The records also show that gardai are regularly called to help staff deal with incidents, while property damage is a recurring problem.

Details of the incidents have emerged as the Government proceeds with plans to remove child protection from the HSE and set up a new Child and Family Support Agency.

HSE records show there were five "serious incidents" in care units last year when children were at risk of sustaining a "potentially life-threatening injury or serious and permanent impairment of health, wellbeing or development".

The incidents involved children sent to high-support units at Crannog Nua in Portrane, north Dublin, Rath na nOg in Castleblayney, Co Monaghan, and La Nua in Kilkenny, as well as special care units at Coovagh House in Limerick and Gleann Alainn in Cork.

The units are for very troubled children with severe behavioural problems and are seen as a last resort after other interventions such as interaction with social workers and placement in foster homes have failed.

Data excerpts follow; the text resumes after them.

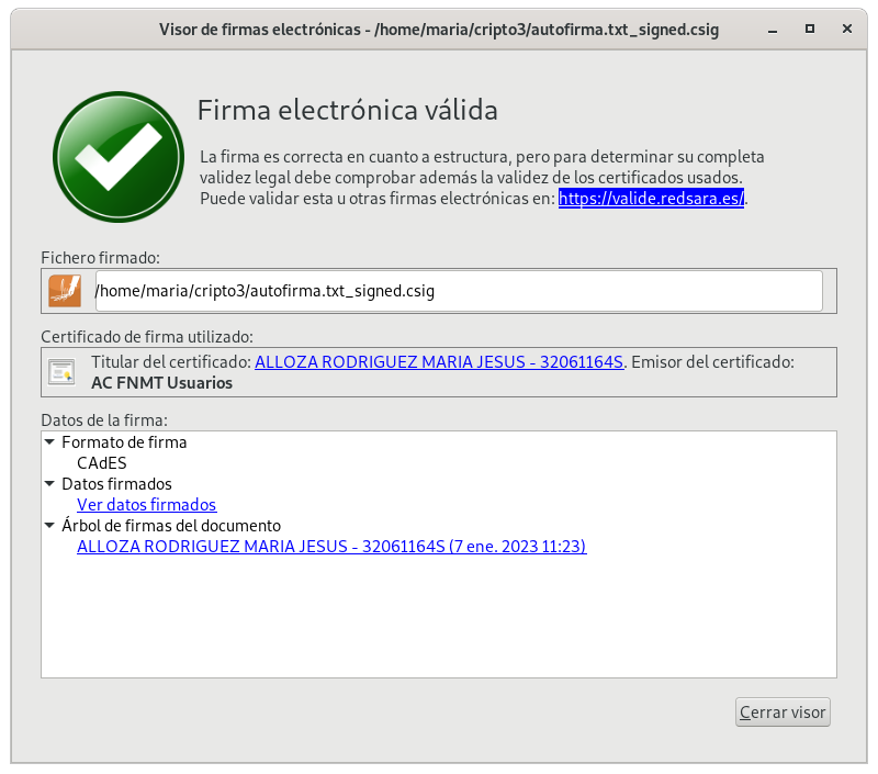 echo "Hola. Soy Maria. Esto es una prueba de autofirma." > autofirma.txt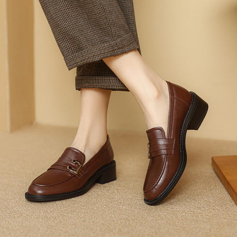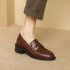 Neue bequeme modische Einzelschuhe runde Zehenpartie bedecken die Füße ein Pedal dicke Sohle rutschfest große Größe Damenschuhe mittlerer Absatz Blockabsatz kleines Leder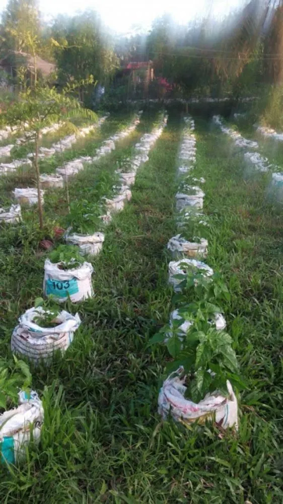 -จัดวาง ถุงกระสอบพริก เป็นแถวยาว หมั่นรดน้ำเช้าเย็น ดูแลโรคและแมลงศัตรูพืช จนกว่าพริกจะเติบโตให้ผลผลิตสามารถเก็บเกี่ยวได้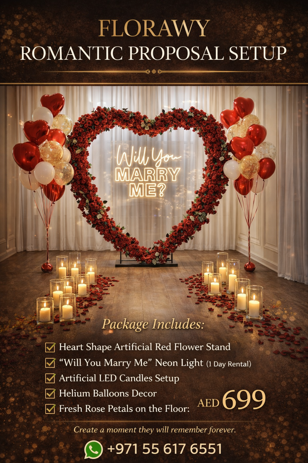 Create an unforgettable moment with the Florawy Romantic Proposal Setup, designed to turn your proposal into a magical experience.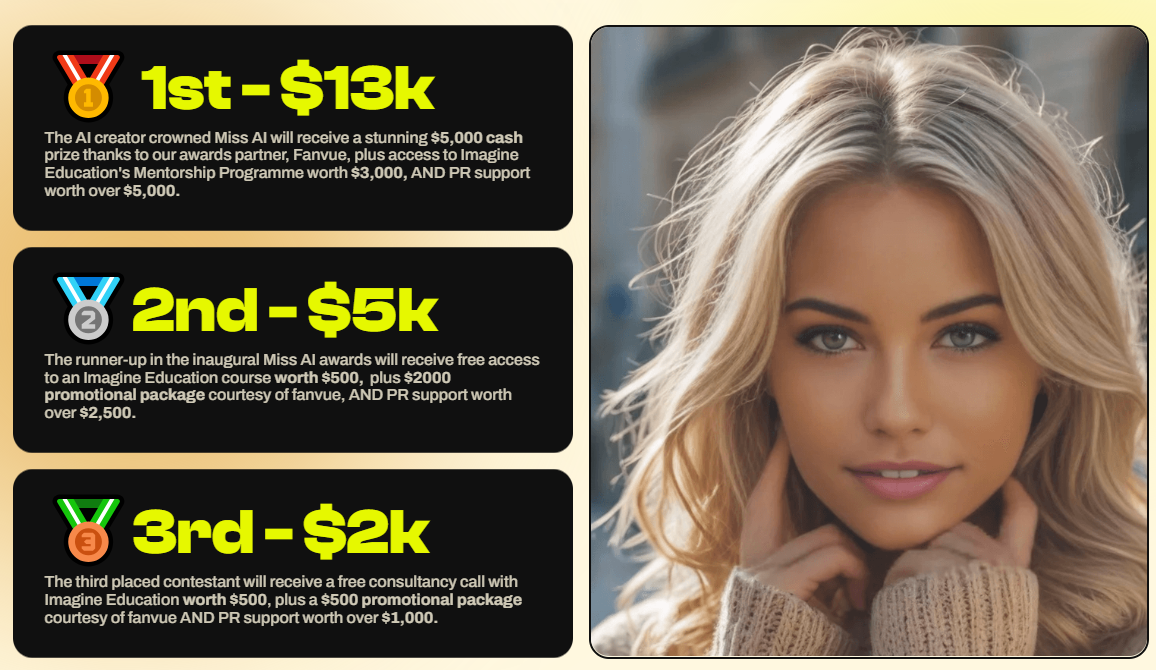 미스 AI는 미국의 크리에이터 플랫폼 '팬뷰(Fanvue)'가 주최하는 대회로, 100% AI 기술로 만들어진 캐릭터만 참가할 수 있습니다. 총상금 규모는 20만 달러(약 2억 7,700만 원)에 달하며, 1등에게는 현금과 멘토십 프로그램, PR 지원 등 총 1만 3,000달러(약 1,800만 원) 상당의 혜택이 주어집니다.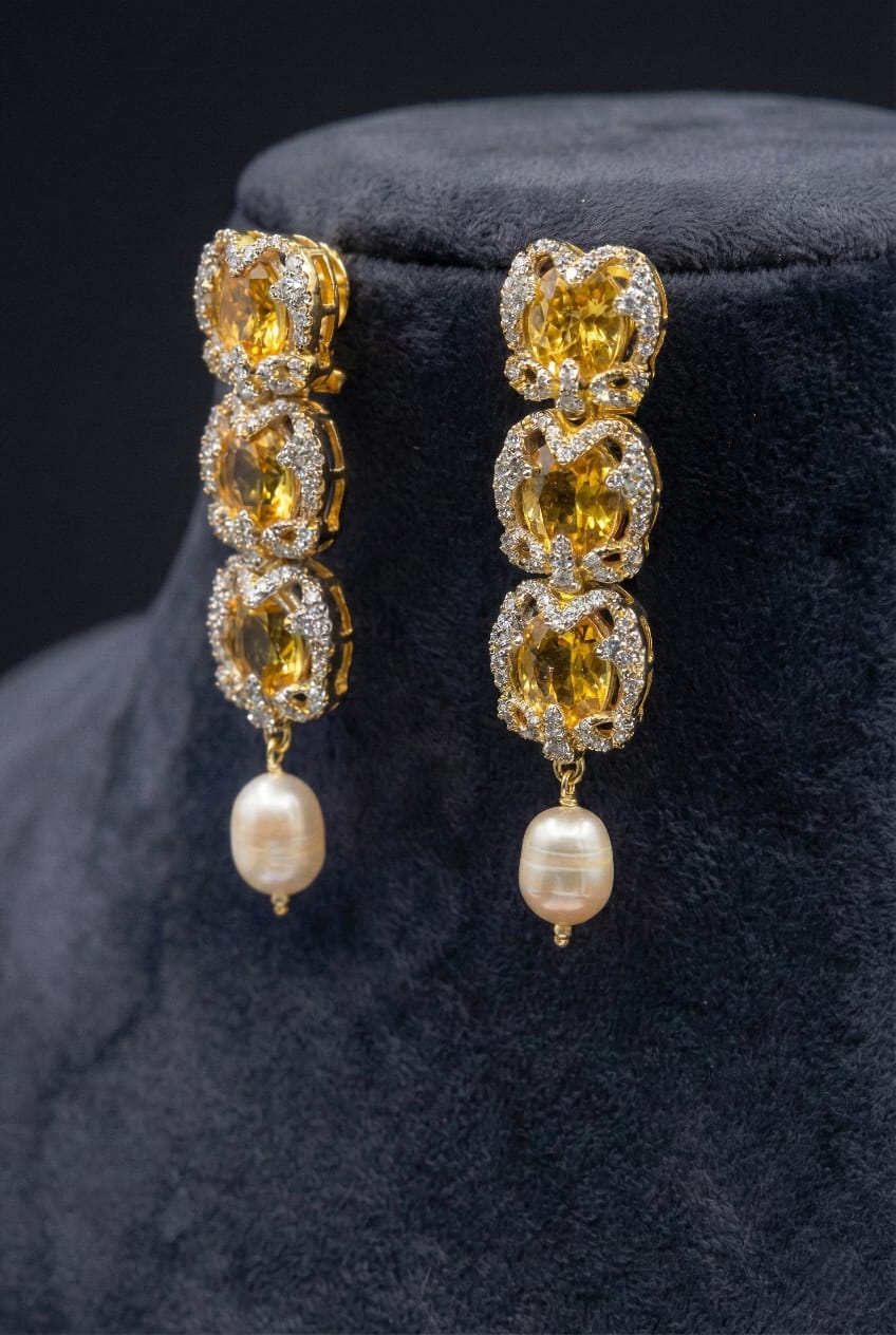 The necklace sits gracefully along the neckline, while the coordinated drop earrings, finished with pearl detailing, add a refined and sophisticated touch. Perfect for bridal wear, formal occasions, and celebratory events, this set blends classic charm with modern luxury.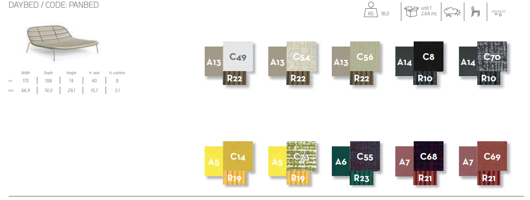 Большая и округлая кушетка из коллекции Panama идеально подходит для уличной мебели. Благодаря отличной форме, изделие устойчиво благодаря алюминию, используемому для изготовления конструкции. Сиденье полностью изготовлено из синтетических морских канатов, а мягкая и функциональная подушка изготовлена из материалов, устойчивых к атмосферным воздействиям. Кушетка доступна в различных цветах и прекрасно дополнит зону отдыха в саду или у бассейна.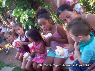 A alegria do Natal não seria completa se fossem distribuídos apenas brinquedos, pois é uma data onde todos se reúnem, pensando nisso o Ilê Orixá preparou um lanche especial a todos que participaram do Natal Social, com direito a cachorro quente, torta, bolo, brigadeiro, branquinho, gelatinas entre outros doces e guloseimas que foram servidas.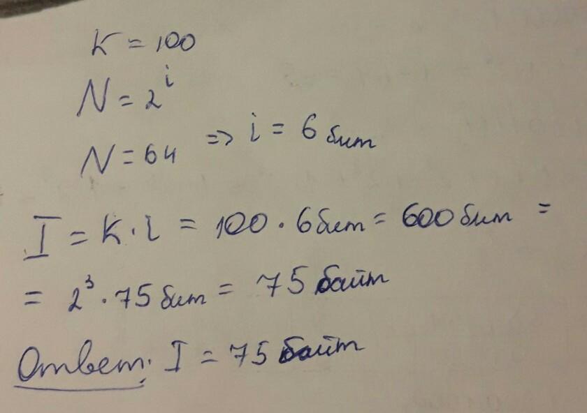 Какое кол во информации содержится в сообщение из 100 символов, записанном буквами из 64 символьного алфавита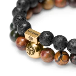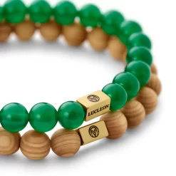 Green Natural Stone & Black Lava Rock & Leather Cord Bracelet Set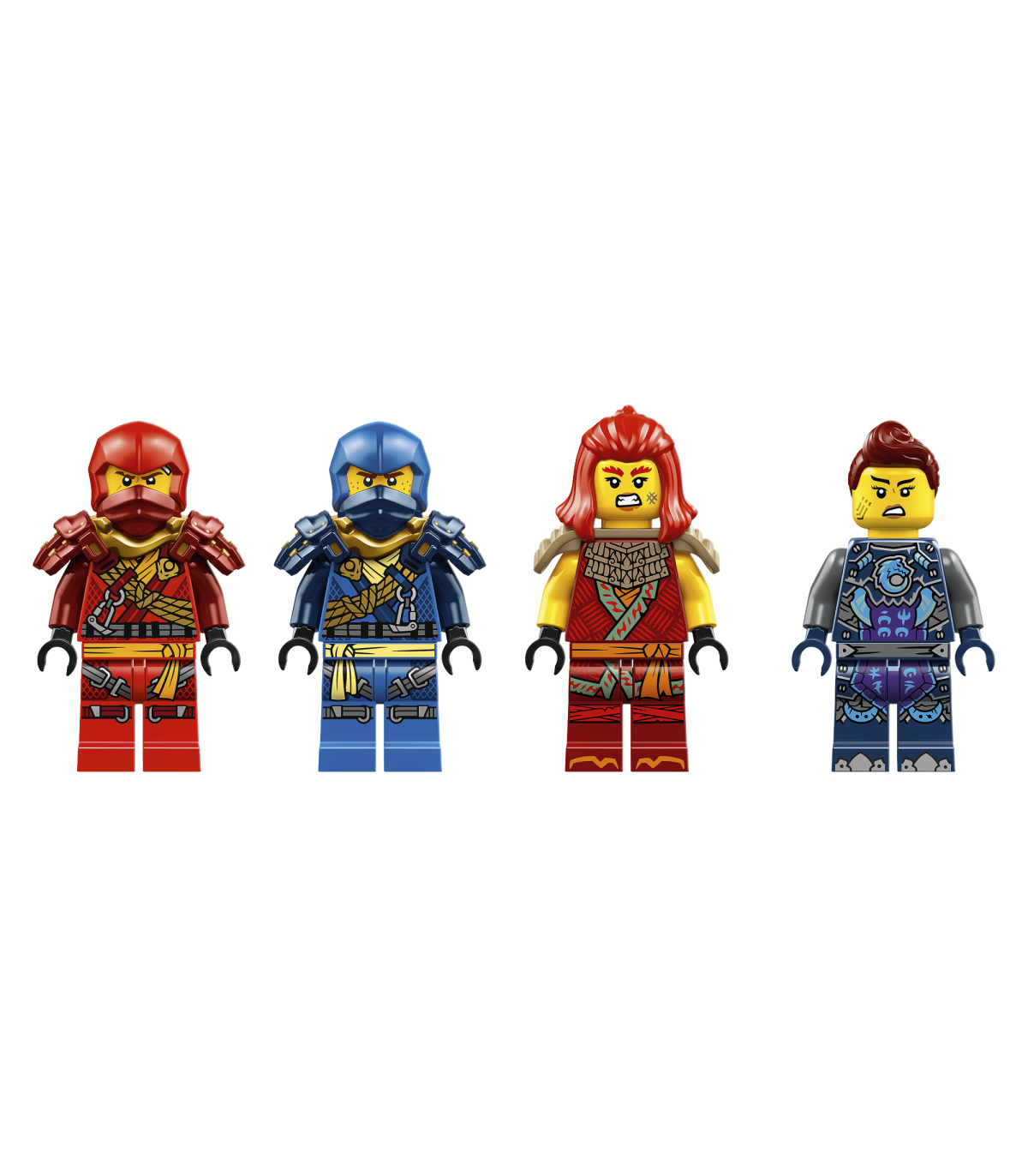 • 4 NINJAGO® minifiguuri: Ronija Kai ja Ronija Jay, mõlemal katana mõõk, Wyldfyre kahe leegitseva rusikaga ja Jordana purilennukiga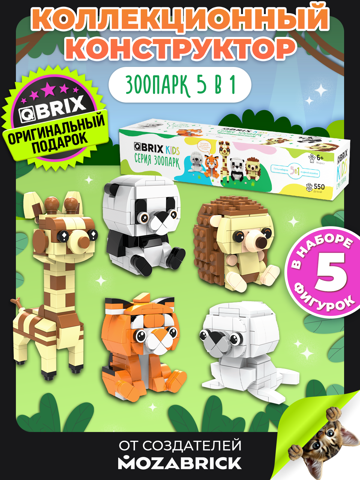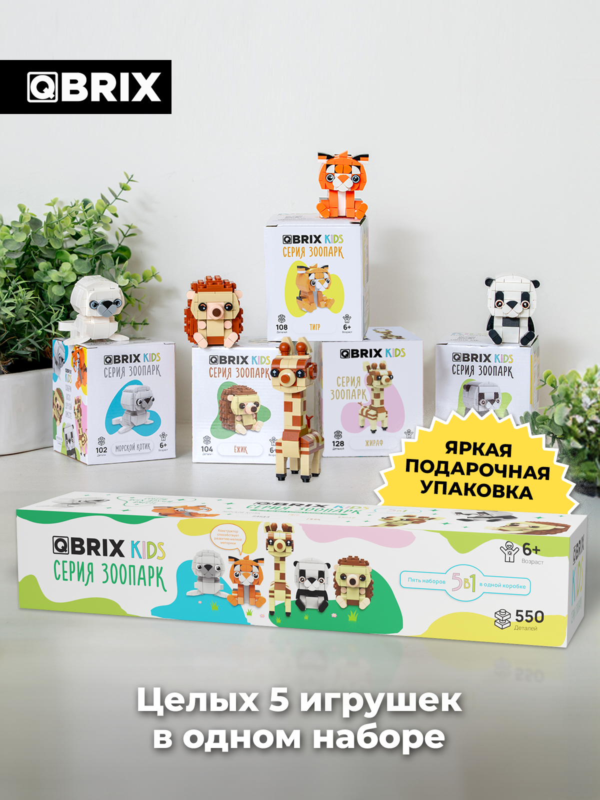 Купить QBRIX KIDS Конструктор пластиковый детский Зоопарк 5в1 Жираф, морской котик, ежик, тигр, панда для мальчика и девочки от 6 лет совместим с Lego (лего) с доставкой по всей России.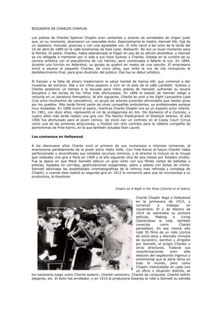 Charles Chaplin nació en Londres en 1889 en una familia de artistas de variedades. Tuvo una infancia difícil debido a problemas familiares y económicos. Comenzó su carrera como actor infantil y luego se unió a la compañía de Fred Karno, donde perfeccionó su habilidad para la mímica. En 1913 se mudó a Hollywood y firmó con la productora Keystone, donde protagonizó decenas de cortometrajes mudos que lo convirtieron en una estrella. Más tarde firmó con otras productoras donde desarrolló plenamente su personaje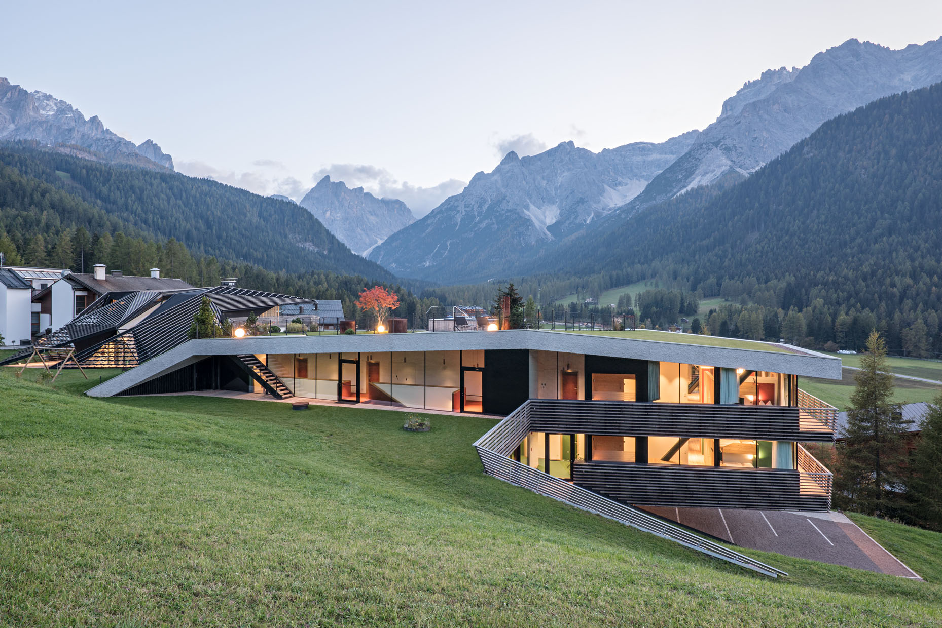 In the end, the decisive factor was once again the landscape. By removing the roofs of the extensions, we were able to introduce a new landscape roof and calm the rather congested overall setting – with the neighbouring self-service restaurant of the lift facilities, a playground full of attractions, and the ski slopes. Those setting out from here towards the Carnic High Route will now find a quiet spot on the far side, with views towards the Veneto and the Sexten Sundial.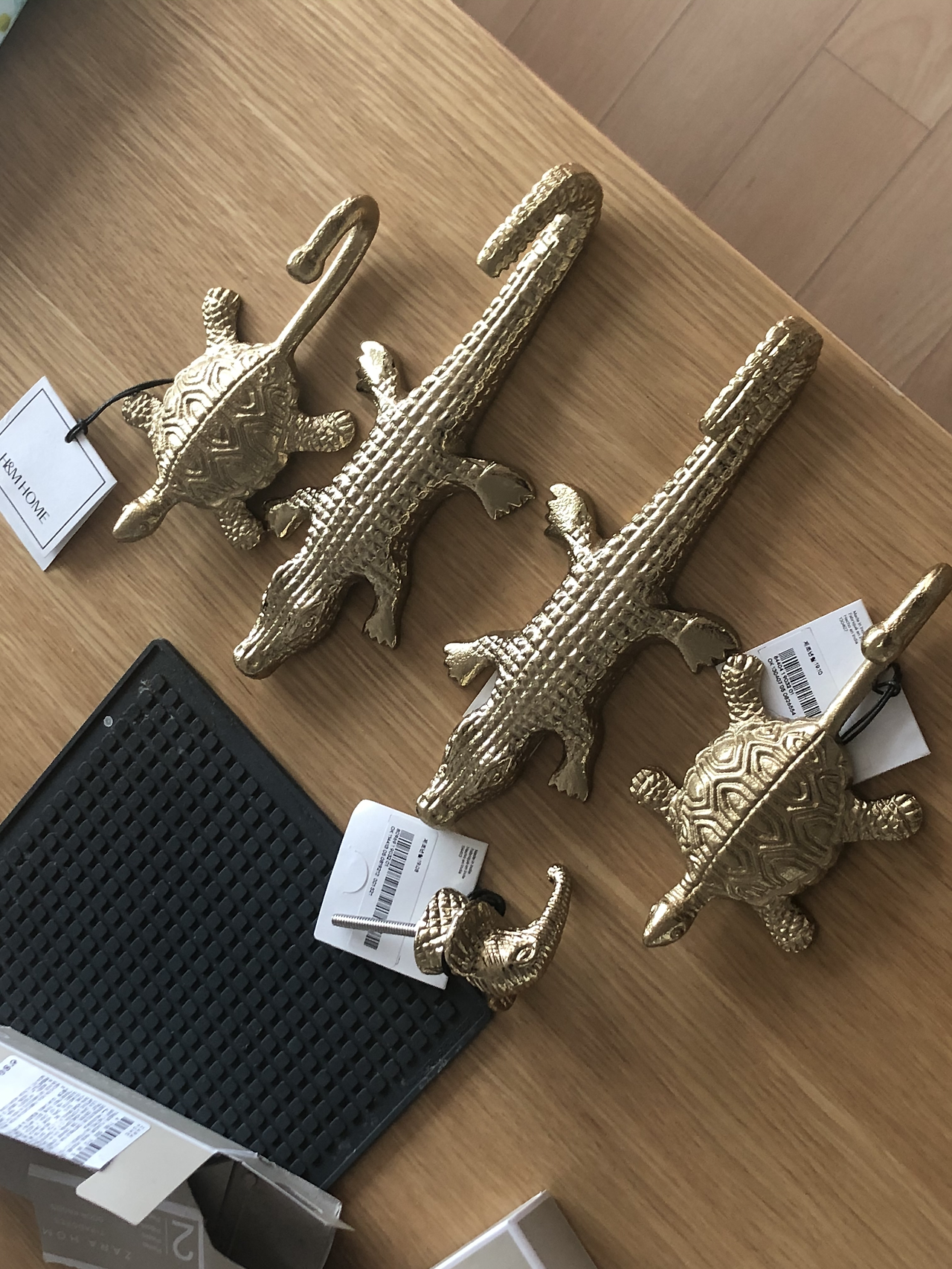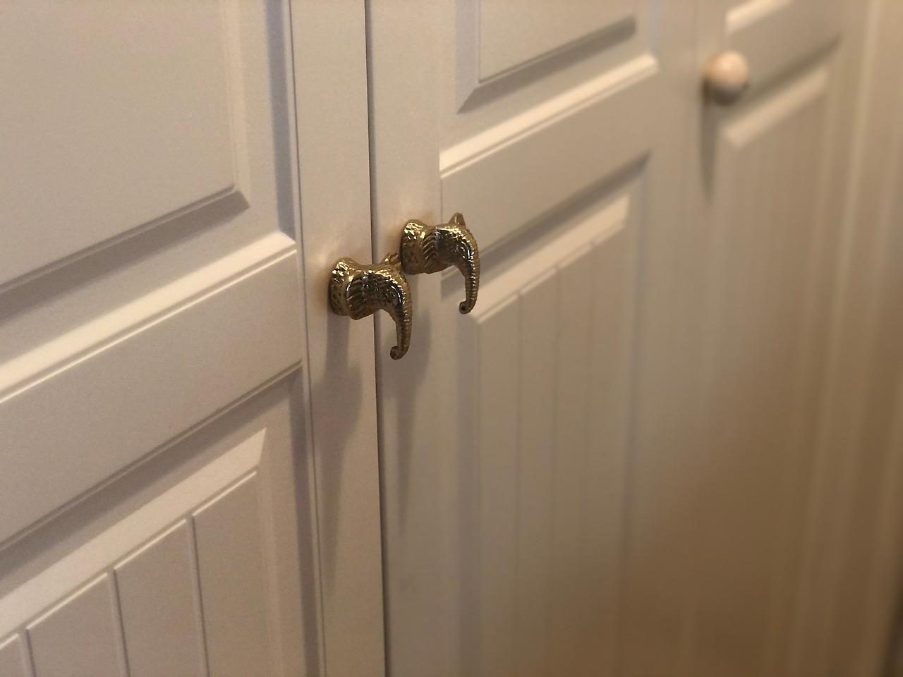 h&m home에서 사 온 코끼리 장신구를 활용하여, 문고리를 교체해보았다! (저 멀리 보이는 동그라미 문고리도 자라 홈에서 구매한 제품)

High-support units are open residential centres caring for highly vulnerable children needing intensive intervention, while special care units are secure residential centres in which children are detained on foot of a High Court order due to a risk to their life, health, safety, development or welfare.

There are 24 high-support beds and 17 special care beds in the country.

HSE records show children absconded – defined as going missing after being detained on court orders – from the 10-bed Ballydowd special care unit in Dublin 34 times last year, while there were 85 instances of property damage and garda assistance was called on 12 occasions.

In contrast, the Gleann Alainn unit, which has four beds, had only two absconsions last year.

Coovagh House, which has three beds, had two absconsions.

Of the non-secure high-support units, the six-bed Rath na nOg had the highest number of children going missing last year, with 148 recorded cases.

Records show garda assistance was called 40 times, while there were 14 instances of property damage.

The six-bed Crannog Nua high-support unit had 107 cases of children going missing, including some considered at risk. Garda assistance was called upon 13 times last year.

Clodagh House in Portlaw, Co Waterford had 47 recorded cases of children absconding last year, and two were listed as being missing for a period.

The four-bed La Nua high support unit in Kilkenny had 10 absconsions.

All of the children who absconded or went missing were subsequently located and returned to their units.